For sure, they are NOT seeking to defend our cherished freedom of speech or the right to be offensive because we do not have any of these rights and freedoms. They speak about Liberte but they are practising quite the opposite because they say on their website that   ‘WE ARE MAJULAH’ does not condone sedition or unqualified cynicism.  What does that even mean? One thing that glues many of us Singaporeans together is the very logical belief that Sedition is an outdated colonial law that should be struck off the law books as it has been in the UK.

It has become a trick of the PAP’s to call any criticism “cynicism” to suggest that anyone who is critical of them is somehow unworthy and not deserving of respect. Also they have succeeded in convincing many Singaporeans that criticism is sedition and therefore illegal. As we all predicted any kind of dissenting opinion will soon become illegal.  #WeAreMajulah are there to try and advance and reinforce this perception.

The rest of their movement can be summed up as a plagiarism of the London Blitz spirit often referred to after the 7/7 bombings. http://www.bbc.co.uk/news/magazine-11213968

And of course  gross fear-mongering. It’s Lee Kuan Yewism 101 and his fear-mongering  of The Barbarians at the Gate. We saw that fear mongering in full swing on National Day and during GE2015 and call me paranoid but I see an unbroken line to this group. The next phase of the offensive has been rolled out.

Reading the Majulah website I get the distinct impression that they know something we don’t. There are repeated references to crisis and adversity. Either they know a terrorist attack is likely and that we are ill prepared for it  or they know the economic down turn will hit very hard.
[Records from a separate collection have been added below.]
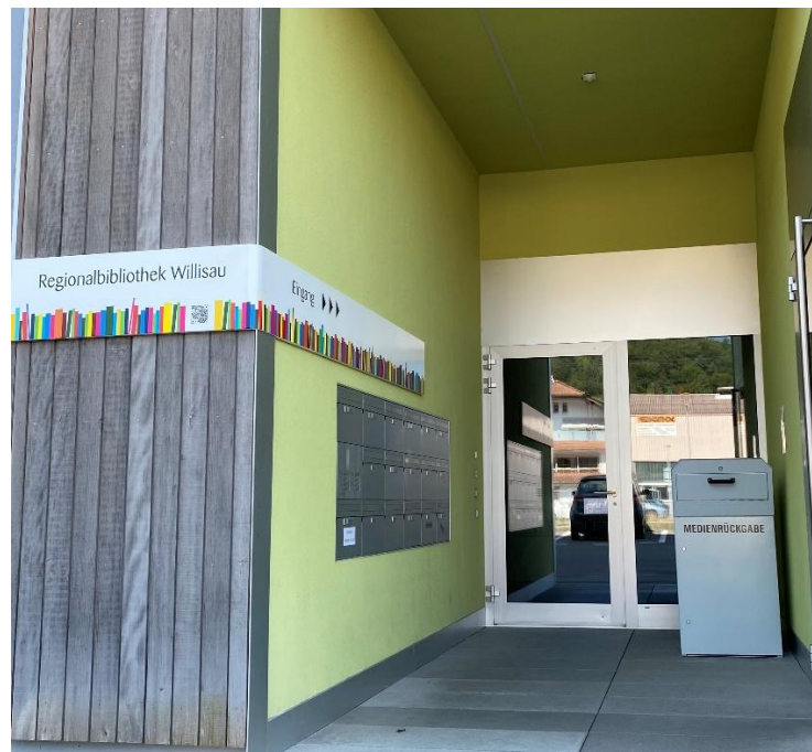
Unser neues Erscheinungsbild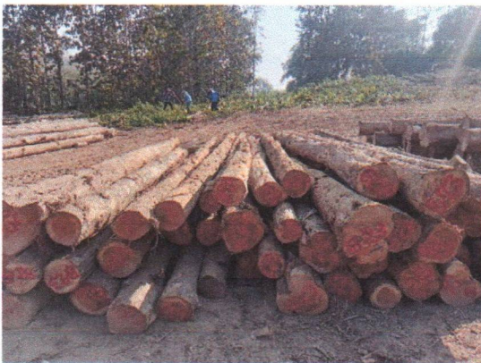
กองที่ 23 รหัส MH-B23

จำนวน...40...ท่อน ปริมาตร...6.66...ลบ.ม. คณะกรรมการกำหนด...82,800...บาท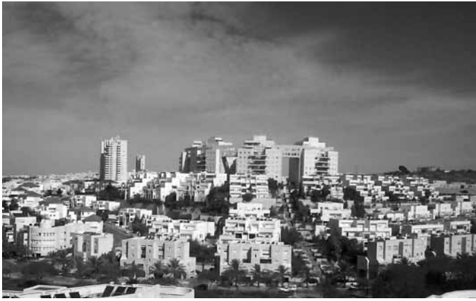
Israëlische koloniale nederzetting Modi'in: het model voor Palestijnse vastgoedontwikkeling 'met een hoofdletter M'.

de wil van Israël, die dergelijke projecten eerst steun en goedkeuring moet geven. Er is expliciet vastgelegd dat "de Israëlische regering met de Palestijnse Autoriteit de specifieke voorgestelde huisvestingsprojecten zal bediscussiëren." De Palestijnse politieke en economische elites hebben niettemin hun enthousiasme betoond en zijn sterk betrokken geraakt bij deze ondernemingen.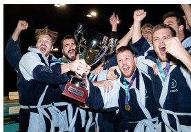
SC Kreuzlingen, vainqueur de la Coupe de Suisse 2023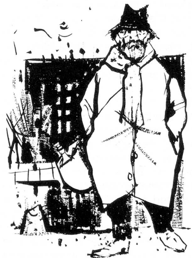
Illustration de l'ouvrage «Du haut de ma potence», Edition du Jura Libre, 1961.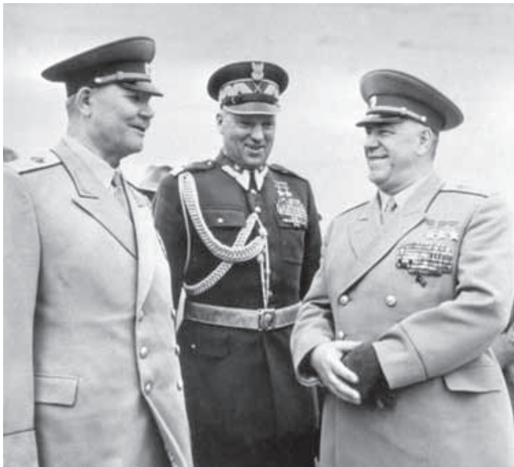
Troja maršali Sovietskeho zväzu, zľava /Ivan Konev, Konstatin Rokossovskij- minister obrany Poľskej republiky a Georgij Žukov 13. mája 1955.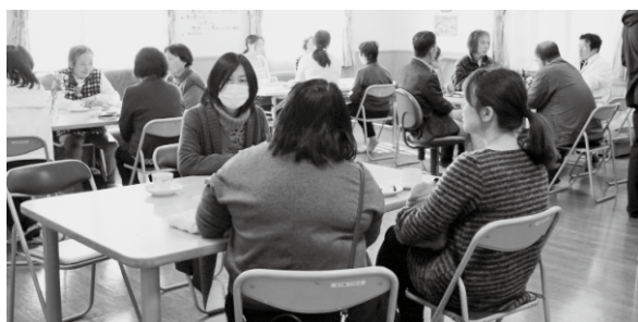
▲家族の方の相談風景

認知症の症状がある方、そのご家族が楽しめる、話ができる場所の企画を今後も予定しております。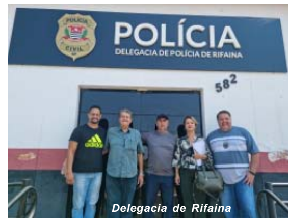
Delegacia de Rifaina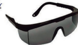
ÓCULOS FENIX CINZA CA 9722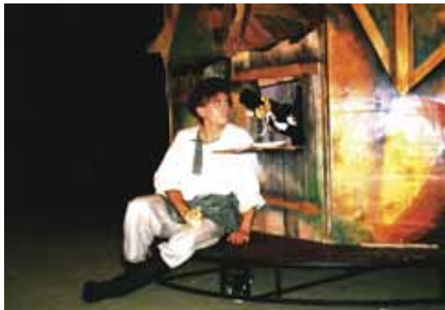
Mese a halászról meg a kis halról, 1993. R. Kiszely Ágnes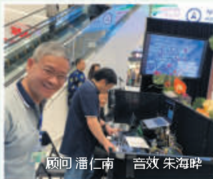
顾问 潘仁南 音效 朱海晔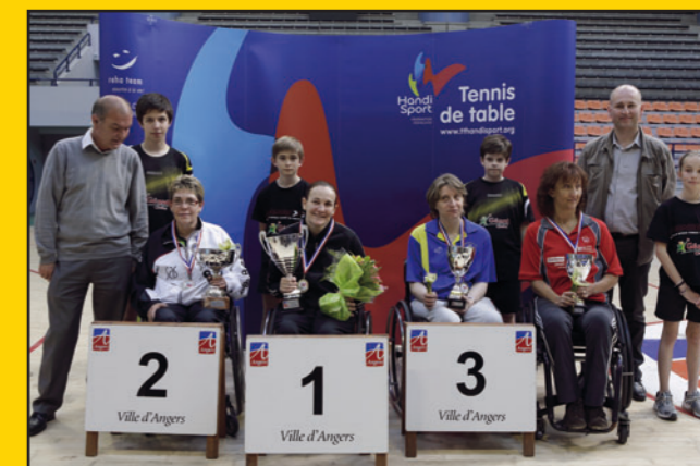
Podium 2013 Simples Femmes Assises

Either way it’s clear that you will be accused of lack of Majulah or that you are lacking in Interwoven glue if you dissent, just as Germans who refused to say Heil Hitler were regarded as traitors.

The more of us who believe in it, the more interwoven the glue is, the stronger we will be in the face of any adversity.

Maybe I shouldn’t  worry so much. Maybe they are just a group of ego maniacal loons with  a far right wing agenda. We’ll see. If they get MSM coverage and allowed to speak at schools and events then we’ll know for sure that they are a government put up job.

In any event, it is a gross disservice to freedom and the #JeSuisCharlie movement for these people to call themselves #WeAreMajulah and claim to be lions. A better name for them would be #WeAreMinions or #WeAreSerfsOfTheLeeFamily.